U.S. v. Bonnett, 88-1723

Citation877 F.2d 1450
Decision Date07 June 1989
Docket NumberNo. 88-1723,88-1723
Parties28 Fed. R. Evid. Serv. 414 UNITED STATES of America, Plaintiff-Appellee, v. Bruce BONNETT, Defendant-Appellant.
CourtUnited States Courts of Appeals. United States Court of Appeals (10th Circuit)

Kenneth P. Snoke, Asst. U.S. Atty. (Tony M. Graham, U.S. Atty., Ron Wallace, and Susan W. Pennington, Asst. U.S. Attys., with him on the briefs), Tulsa, Okl., for plaintiff-appellee.

Stephen Jones of Jones, Bryant & Nigh, Enid, Okl., for defendant-appellant.

Before SEYMOUR, BARRETT and BRORBY, Circuit Judges.

BRORBY, Circuit Judge.

Bruce Bonnett appeals his conviction of one count of conspiracy to violate 18 U.S.C. Sec. 1344 (Supp. II 1984) in violation of 18 U.S.C. Sec. 371 (1982), and fifty-six counts of bank fraud in violation of 18 U.S.C. Sec. 1344 (Supp. II 1984). We AFFIRM.

Facts

The First National Bank of Sapulpa, Oklahoma, (Bank) was chartered and opened in 1982. In May 1984, Mr. Bonnett purchased approximately five percent of the capital stock of Bank and began purchasing certificates of deposit eventually totalling $750,000. When Mr. Bonnett first purchased certificates of deposit he came into Bank with a briefcase containing approximately $160,000 in cash and purchased sixteen certificates of deposit, each for just under $10,000.

Between September 1984 and January 1985, co-defendant Lester Dierksen opened checking accounts in eleven different banks located in three states. Mr. Dierksen usually opened new accounts immediately following the closure of the existing account by the bank which had the old account. He opened each of these accounts with an initial deposit and, with one exception, made no subsequent deposits. The initial deposit of all eleven accounts totaled just under $9,000. The first of these accounts was opened in Vernon, Texas, with a deposit of $4,000; $2,500 thereof was furnished by Mr. Bonnett. The same day this account was opened, Mr. Dierksen gave Mr. Bonnett a check drawn on this account in the amount of $102,500, which Mr. Bonnett deposited in his account in Sapulpa on September 22. Between September 17 and October 23, Mr. Dierksen gave to Mr. Bonnett checks for $770,200 drawn on this account, all of which Mr. Bonnett deposited in his account in Sapulpa. The bank in Vernon, Texas returned these checks for lack of sufficient funds in Mr.

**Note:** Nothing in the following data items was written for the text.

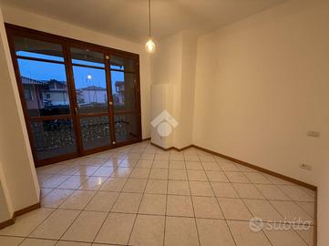 L'ingresso si apre sulla luminosa zona giorno, composta da un accogliente soggiorno con angolo cottura e accesso diretto al terrazzino, ideale per momenti di relax all'aperto. Sullo stesso livello si trova il primo bagno completo di sanitari e box doccia.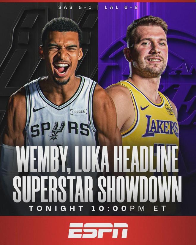 2025年11月06日 湖人险胜马刺 东契奇35+9+13 艾顿22+10 文班19+8+6犯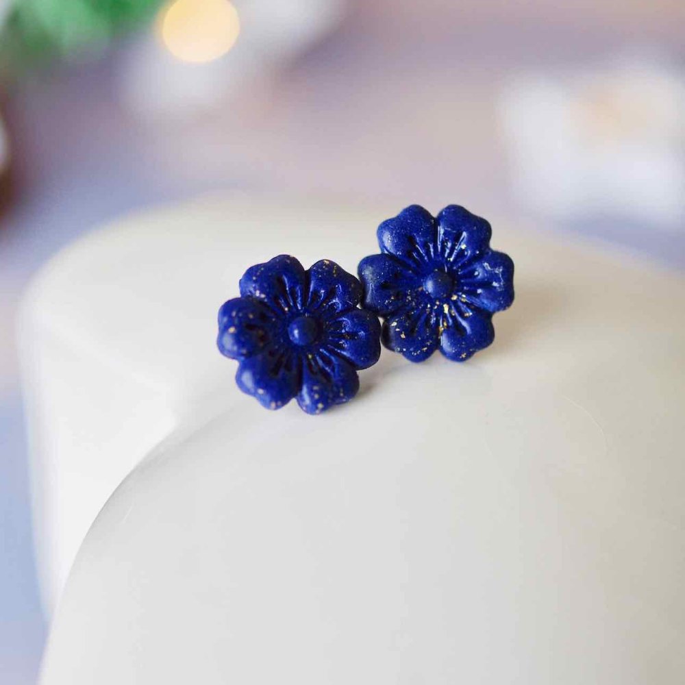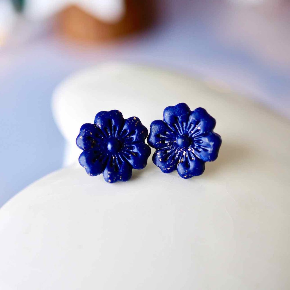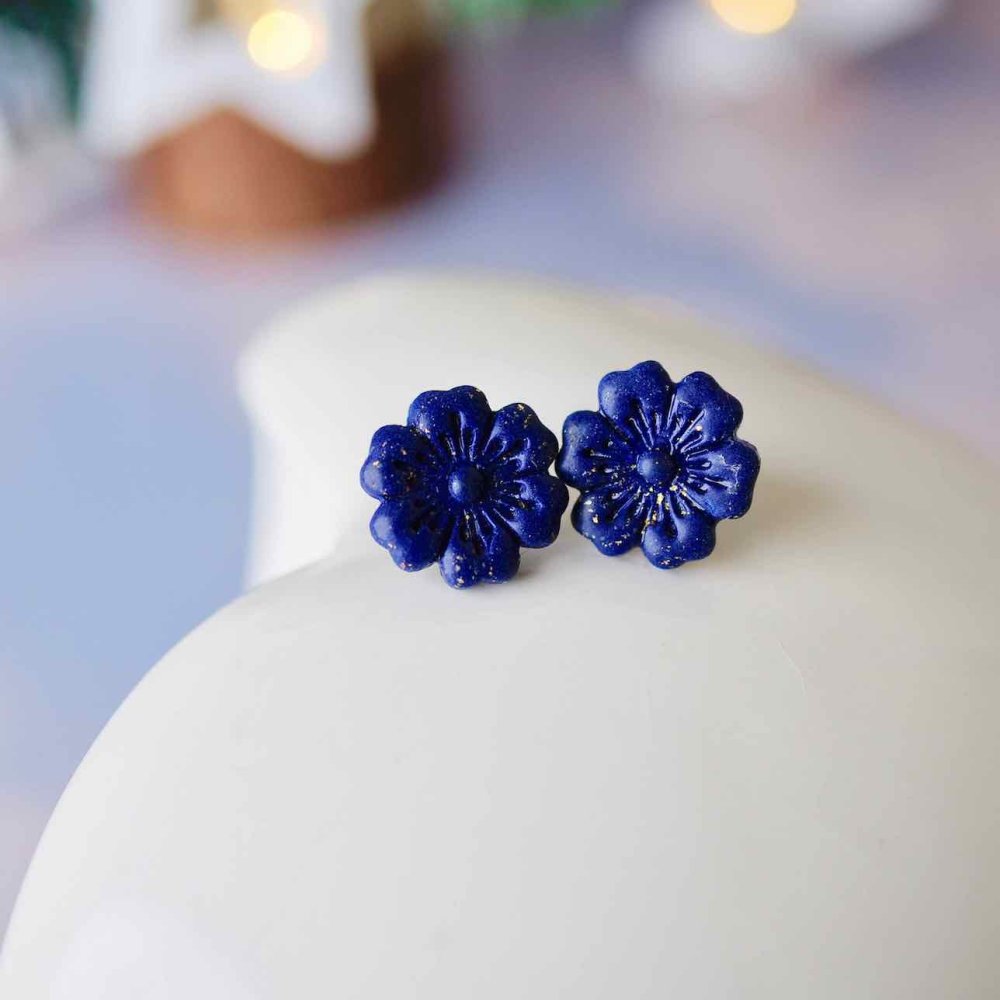 Puces d’oreilles artisanales en forme de fleur de cerisier, réalisées en polymère bleu nuit aux reflets dorés

Dierksen's account and then closed Mr. Dierksen's account. Subsequently, Mr. Dierksen opened ten more accounts in as many banks, with a nominal initial cash deposit usually ranging from $150 to $400. Simultaneously with the opening of these accounts, Mr. Dierksen wrote checks drawn upon each of these accounts to Mr. Bonnett for five and six figures, which Mr. Bonnett deposited in his account in Sapulpa.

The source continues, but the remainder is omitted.